**EXERCISE AIM:**
Leave out the pictures and output exactly the lines below from the one with "Om nødvendig kan" down to the one with "Living Room - 3.05", both of them included.

**MATERIALS PROVIDED:**
• • • • • • •

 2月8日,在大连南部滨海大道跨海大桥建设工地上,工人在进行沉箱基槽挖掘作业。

• • • • • • •

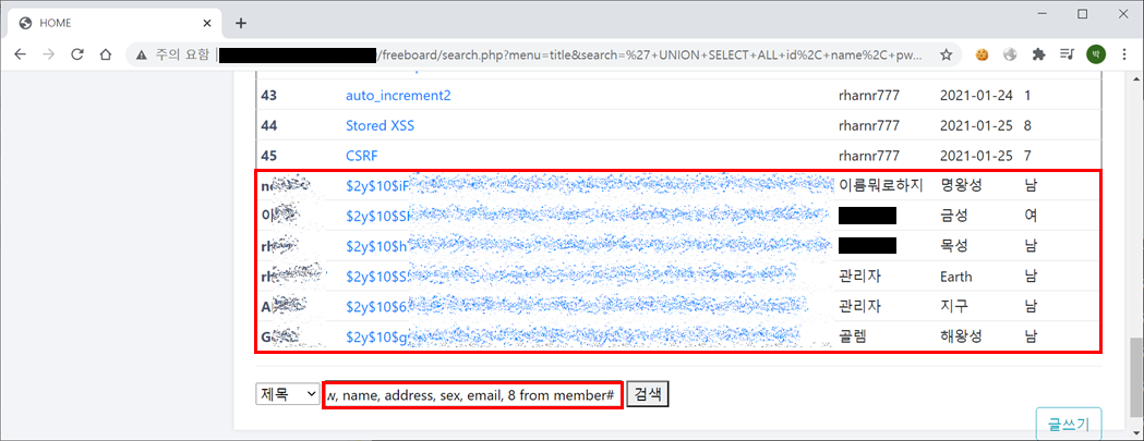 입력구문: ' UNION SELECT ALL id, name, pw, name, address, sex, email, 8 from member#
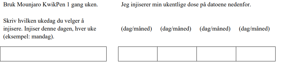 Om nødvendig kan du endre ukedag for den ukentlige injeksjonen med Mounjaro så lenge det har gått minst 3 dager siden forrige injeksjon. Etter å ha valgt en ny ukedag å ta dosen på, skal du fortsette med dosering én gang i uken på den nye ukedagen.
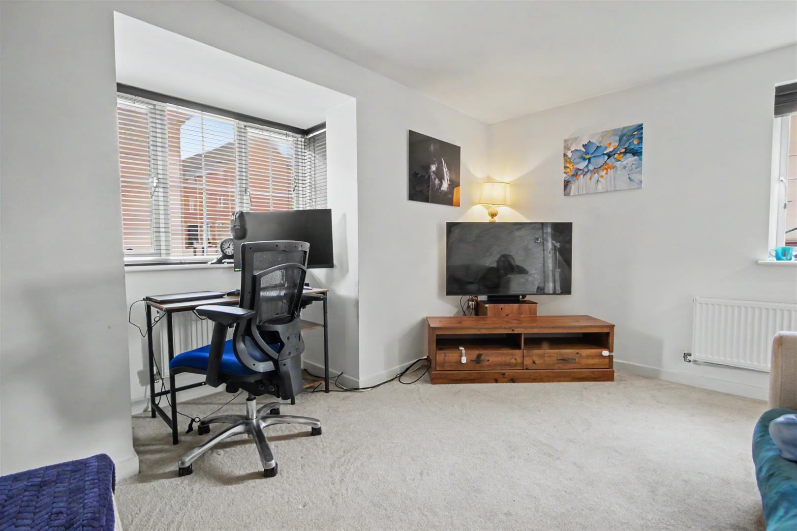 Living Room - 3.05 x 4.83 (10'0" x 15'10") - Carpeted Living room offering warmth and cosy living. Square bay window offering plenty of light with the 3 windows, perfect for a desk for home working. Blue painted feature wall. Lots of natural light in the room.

• • • • • • •

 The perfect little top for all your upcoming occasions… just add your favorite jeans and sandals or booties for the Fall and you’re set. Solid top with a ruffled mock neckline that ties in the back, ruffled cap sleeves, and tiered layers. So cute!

• • • • • • •

**EXERCISE SOLUTION:**
 Om nødvendig kan du endre ukedag for den ukentlige injeksjonen med Mounjaro så lenge det har gått minst 3 dager siden forrige injeksjon. Etter å ha valgt en ny ukedag å ta dosen på, skal du fortsette med dosering én gang i uken på den nye ukedagen.
 Living Room - 3.05 x 4.83 (10'0" x 15'10") - Carpeted Living room offering warmth and cosy living. Square bay window offering plenty of light with the 3 windows, perfect for a desk for home working. Blue painted feature wall. Lots of natural light in the room.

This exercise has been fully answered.